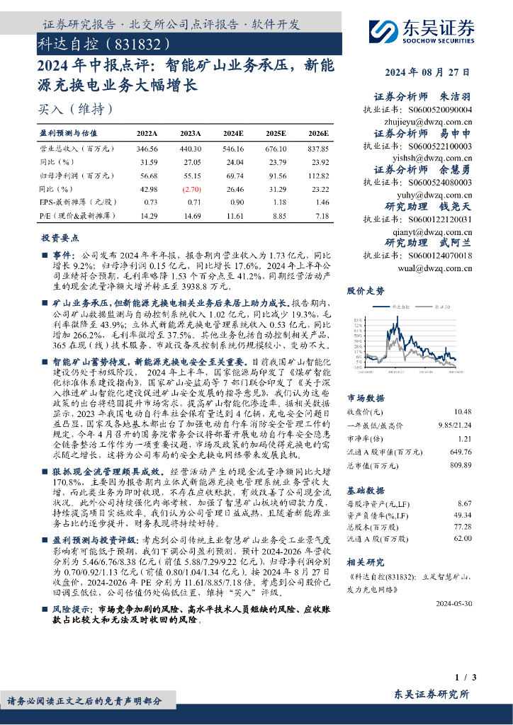 东吴证券:科达自控(831832)-2024年中报点评:智能矿山业务承压,新能源充换电业务大幅增长.pdf
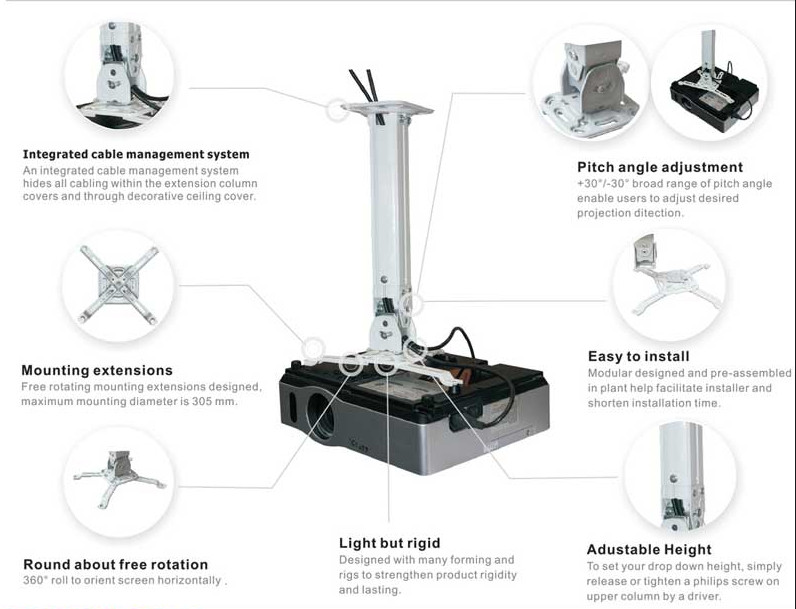 Khung treo máy chiếu North Bayou NBT817-60 60cm phù hợp sử dụng với tất cả các dòng máy chiếu trên thị trường hiện nay: Máy Chiếu NEC, Máy Chiếu Infocus, Máy Chiếu BenQ, Máy Chiếu Epson, Máy Chiếu Sony, Máy Chiếu Optoma, Máy Chiếu Panasonic, Máy Chiếu Viewsonic, Máy Chiếu Vivitek, Máy Chiếu Hitachi, Máy Chiếu Casio, Máy Chiếu Acer, Máy Chiếu EiKi, Máy Chiếu Văn Phòng, Máy Chiếu Trường Học, Máy Chiếu Hội Trường, … Ứng dụng: Khung treo máy chiếu North Bayou NBT817-60 60cm lý tưởng để lắp đặt trong các không gian như văn phòng, giảng đường, trình chiếu sự kiện, hội nghị, hội thảo, quán cafe bóng đá, chiếu phim gia đình, …. nó sẽ làm cho không gian trình chiếu trở nên sang trọng và thẩm mỹ hơn. Thông số kỹ thuật Khung treo máy chiếu North Bayou NBT817-60 60cm
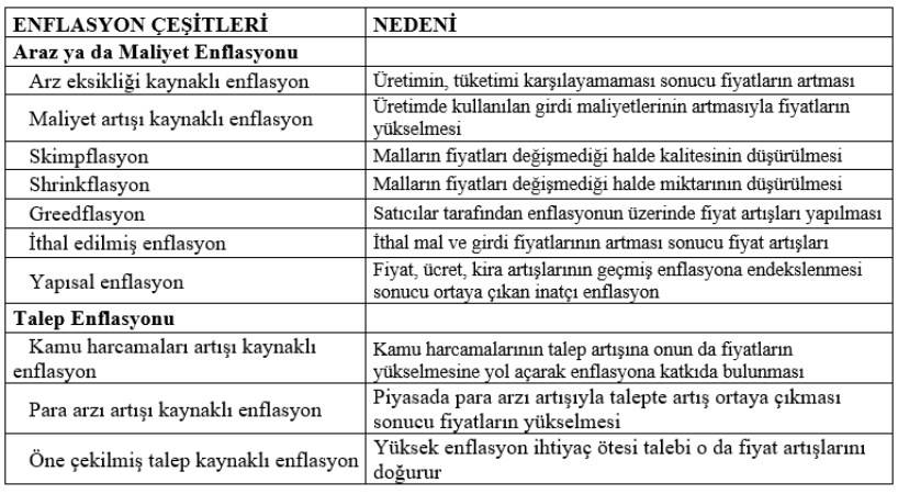 Enflasyon asıl olarak ya üretim maliyetlerinin sürekli olarak yükselmesinin (arz ya da maliyet enflasyonu) ya da talepteki sürekli artışların (talep enflasyonu) fiyatlara yansımasıyla ortaya çıkar. Bu ikisi dışındaki bütün enflasyon ve enflasyon benzeri olgular bu ikisinin türevleridir. Bunları bir tablo halinde gösterelim:
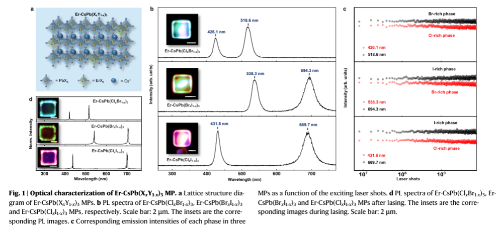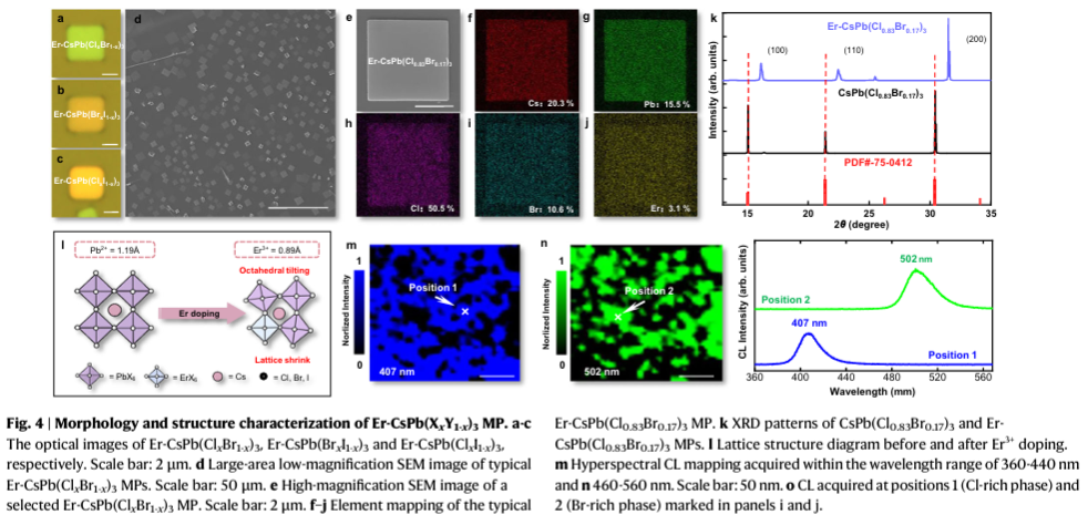 本文国防科技大学朱志宏、郑玮豪和湖南大学庄秀娟等人介绍了一种通过化学气相沉积法将镧系离子掺杂到双卤素合金钙钛矿CsPb(XₓY₁₋ₓ)₃(X、Y=Cl、Br、I)中的策略,获得了一系列高质量、稳定的微米片。
• • •
## WHAT TO DO
Every line between the one containing "Enflasyon asıl olarak" and the end of the listing, both included, needs to be retyped exactly, minus the pictures.

## REPLY
 Enflasyon asıl olarak ya üretim maliyetlerinin sürekli olarak yükselmesinin (arz ya da maliyet enflasyonu) ya da talepteki sürekli artışların (talep enflasyonu) fiyatlara yansımasıyla ortaya çıkar. Bu ikisi dışındaki bütün enflasyon ve enflasyon benzeri olgular bu ikisinin türevleridir. Bunları bir tablo halinde gösterelim:
 本文国防科技大学朱志宏、郑玮豪和湖南大学庄秀娟等人介绍了一种通过化学气相沉积法将镧系离子掺杂到双卤素合金钙钛矿CsPb(XₓY₁₋ₓ)₃(X、Y=Cl、Br、I)中的策略,获得了一系列高质量、稳定的微米片。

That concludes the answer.